*** Information given Section Begins ***

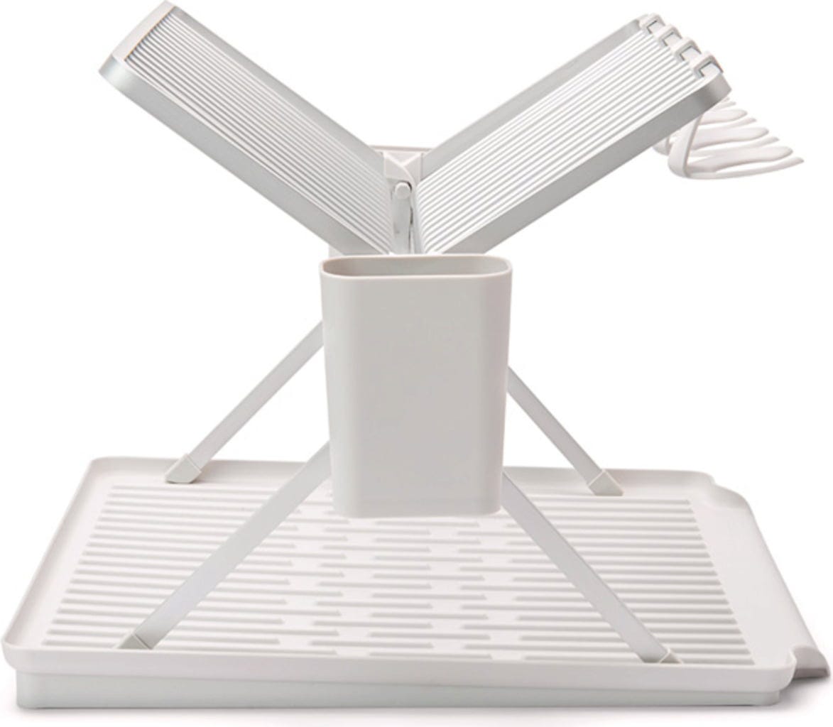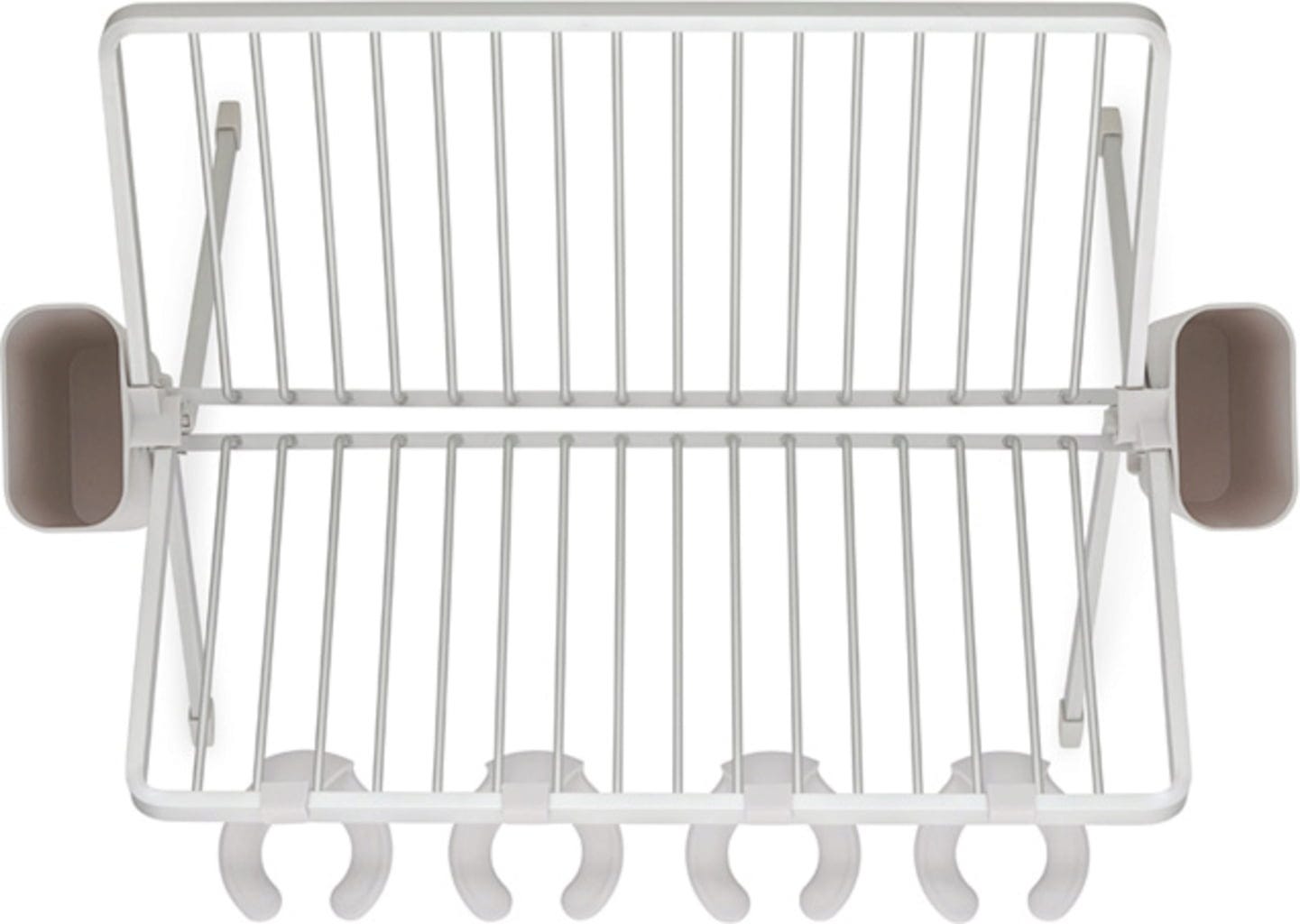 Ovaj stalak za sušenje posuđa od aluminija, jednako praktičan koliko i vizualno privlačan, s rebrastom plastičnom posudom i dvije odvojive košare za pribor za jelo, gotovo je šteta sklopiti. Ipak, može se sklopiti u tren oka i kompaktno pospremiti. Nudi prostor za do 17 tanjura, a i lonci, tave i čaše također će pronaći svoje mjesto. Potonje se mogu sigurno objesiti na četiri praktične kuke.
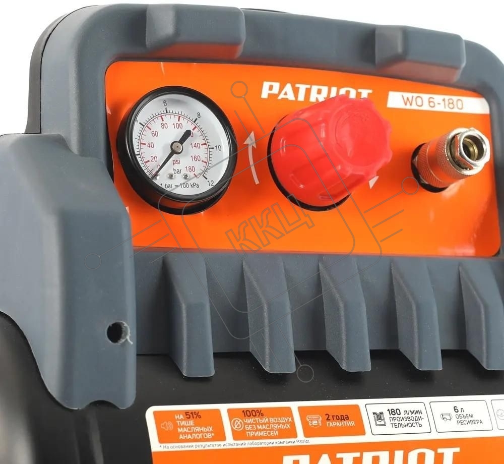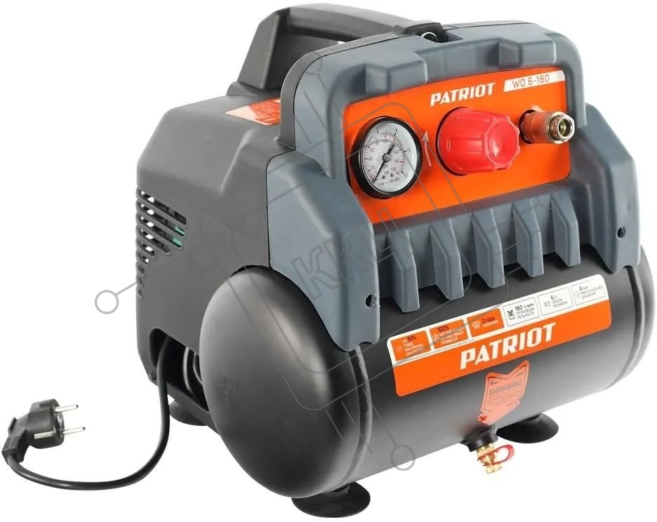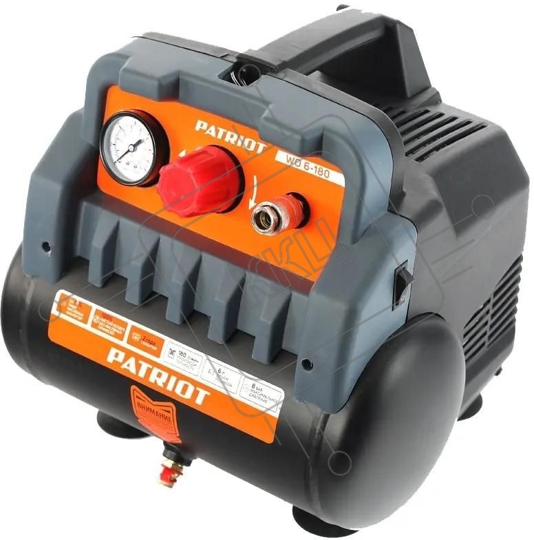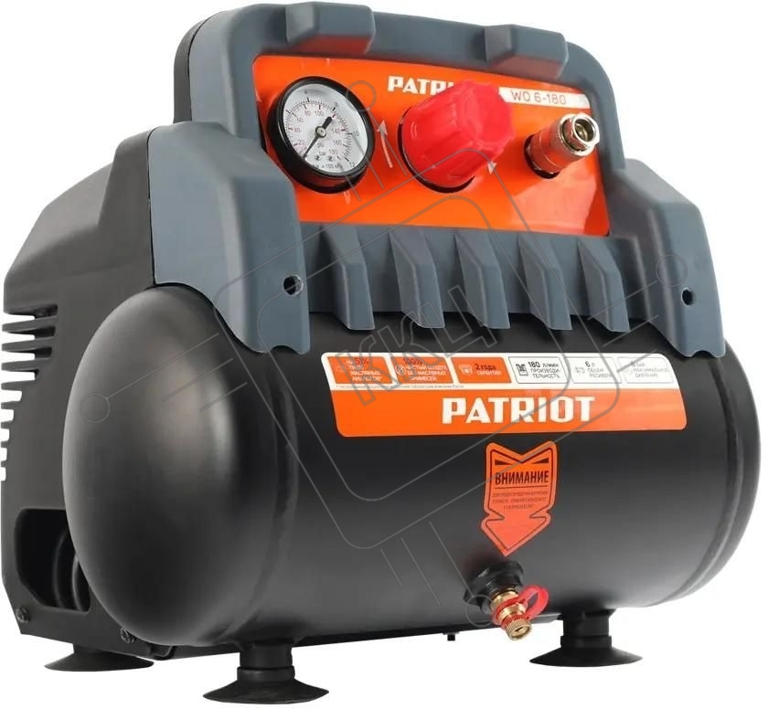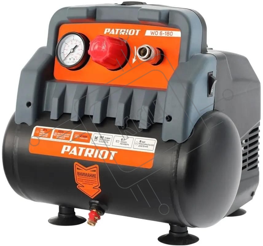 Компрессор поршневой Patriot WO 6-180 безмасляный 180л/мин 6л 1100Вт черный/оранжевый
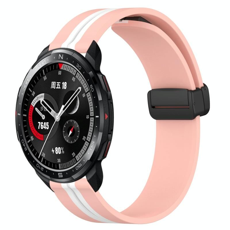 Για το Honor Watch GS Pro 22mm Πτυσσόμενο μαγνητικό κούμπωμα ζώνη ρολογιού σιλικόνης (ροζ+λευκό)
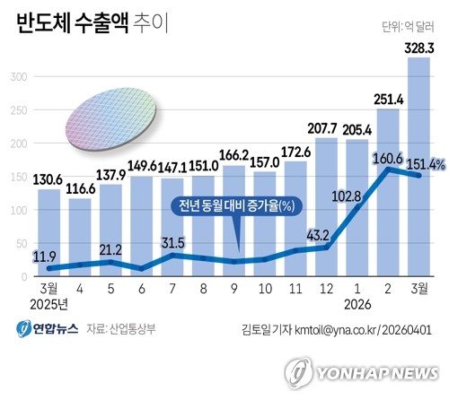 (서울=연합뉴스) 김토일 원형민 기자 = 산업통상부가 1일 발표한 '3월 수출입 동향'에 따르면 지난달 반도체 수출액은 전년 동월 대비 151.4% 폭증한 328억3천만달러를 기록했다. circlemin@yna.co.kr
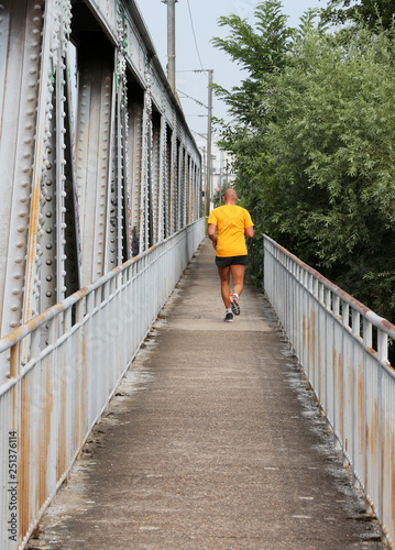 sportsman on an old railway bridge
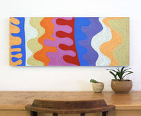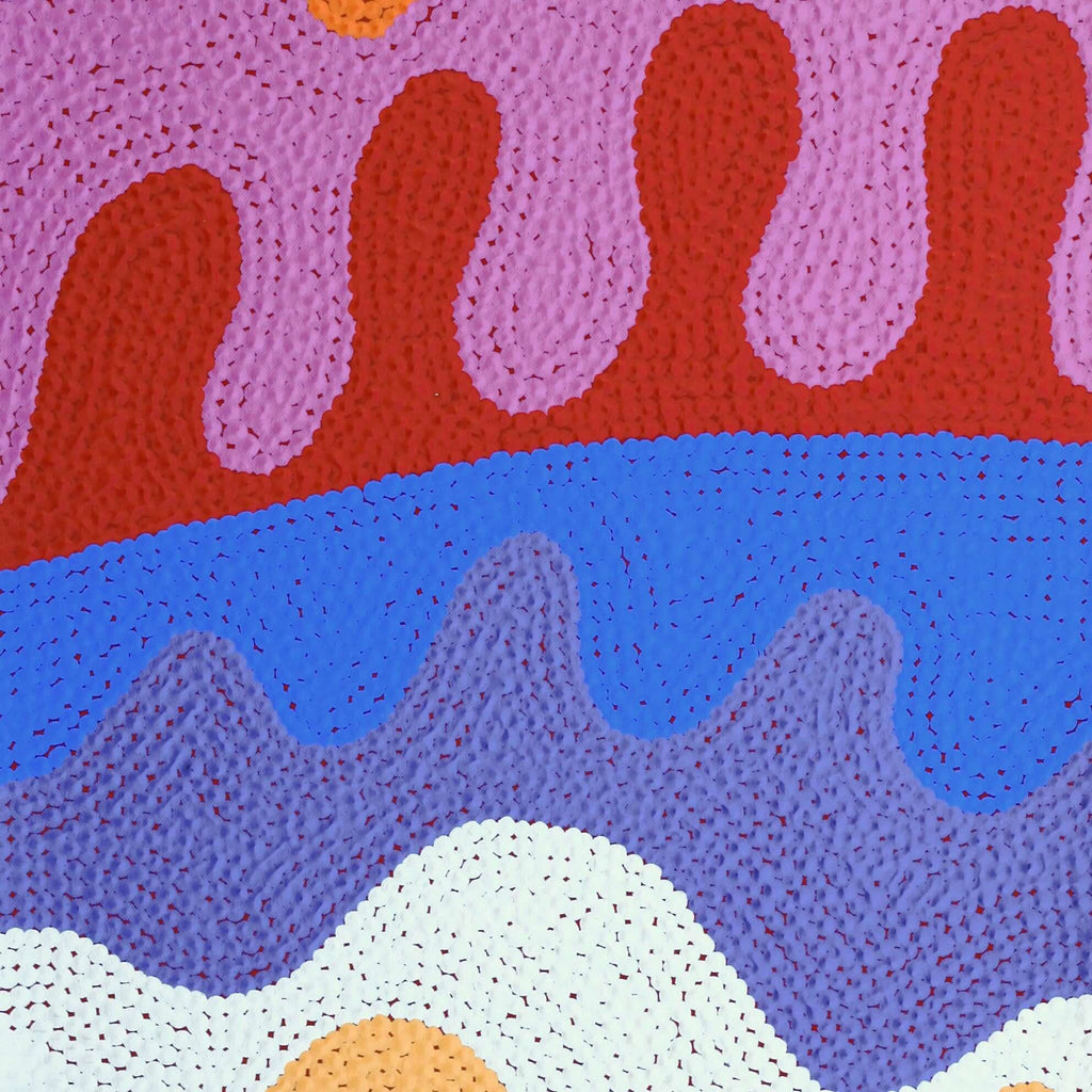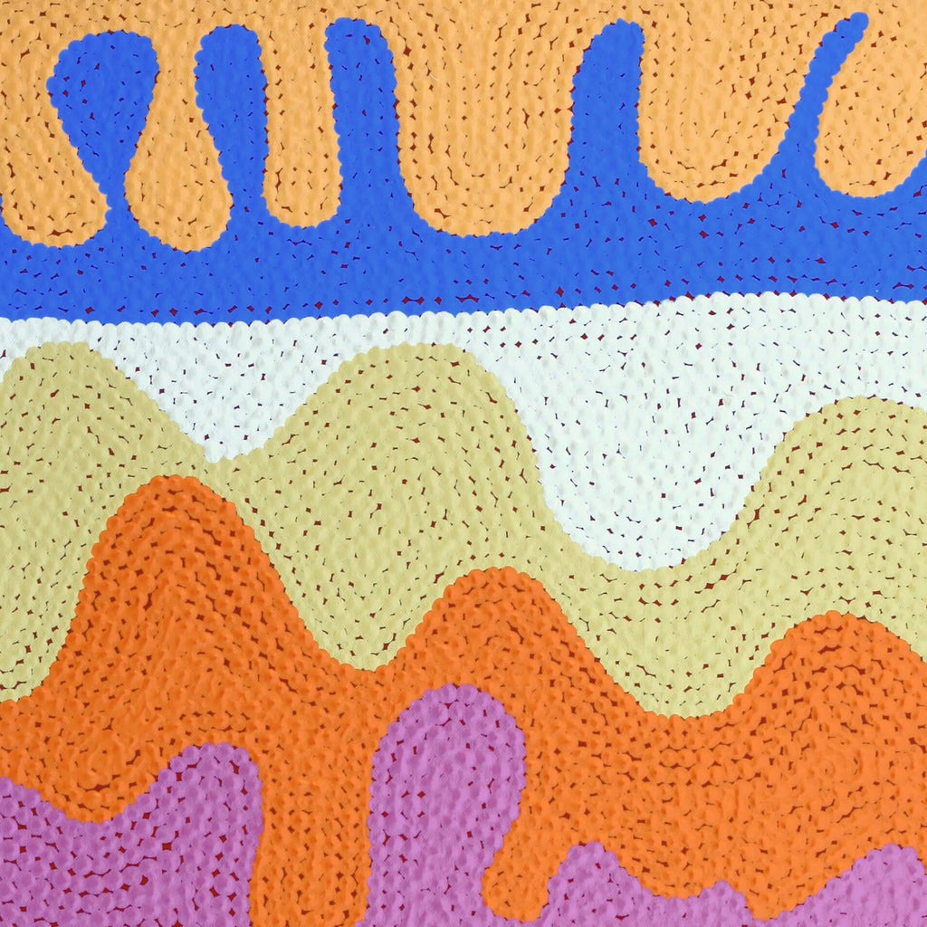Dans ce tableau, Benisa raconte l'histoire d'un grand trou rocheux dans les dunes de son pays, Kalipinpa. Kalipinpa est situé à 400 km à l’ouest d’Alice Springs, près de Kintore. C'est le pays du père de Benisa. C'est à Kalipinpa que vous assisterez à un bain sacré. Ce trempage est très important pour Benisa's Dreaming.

*** Information given Section Ends ***

§ Work to complete
When copying the records above, please match them exactly but leave out all pictures.

§ Task answer
 Ovaj stalak za sušenje posuđa od aluminija, jednako praktičan koliko i vizualno privlačan, s rebrastom plastičnom posudom i dvije odvojive košare za pribor za jelo, gotovo je šteta sklopiti. Ipak, može se sklopiti u tren oka i kompaktno pospremiti. Nudi prostor za do 17 tanjura, a i lonci, tave i čaše također će pronaći svoje mjesto. Potonje se mogu sigurno objesiti na četiri praktične kuke.
 Компрессор поршневой Patriot WO 6-180 безмасляный 180л/мин 6л 1100Вт черный/оранжевый
 Για το Honor Watch GS Pro 22mm Πτυσσόμενο μαγνητικό κούμπωμα ζώνη ρολογιού σιλικόνης (ροζ+λευκό)
 (서울=연합뉴스) 김토일 원형민 기자 = 산업통상부가 1일 발표한 '3월 수출입 동향'에 따르면 지난달 반도체 수출액은 전년 동월 대비 151.4% 폭증한 328억3천만달러를 기록했다. circlemin@yna.co.kr
 sportsman on an old railway bridge
Dans ce tableau, Benisa raconte l'histoire d'un grand trou rocheux dans les dunes de son pays, Kalipinpa. Kalipinpa est situé à 400 km à l’ouest d’Alice Springs, près de Kintore. C'est le pays du père de Benisa. C'est à Kalipinpa que vous assisterez à un bain sacré. Ce trempage est très important pour Benisa's Dreaming.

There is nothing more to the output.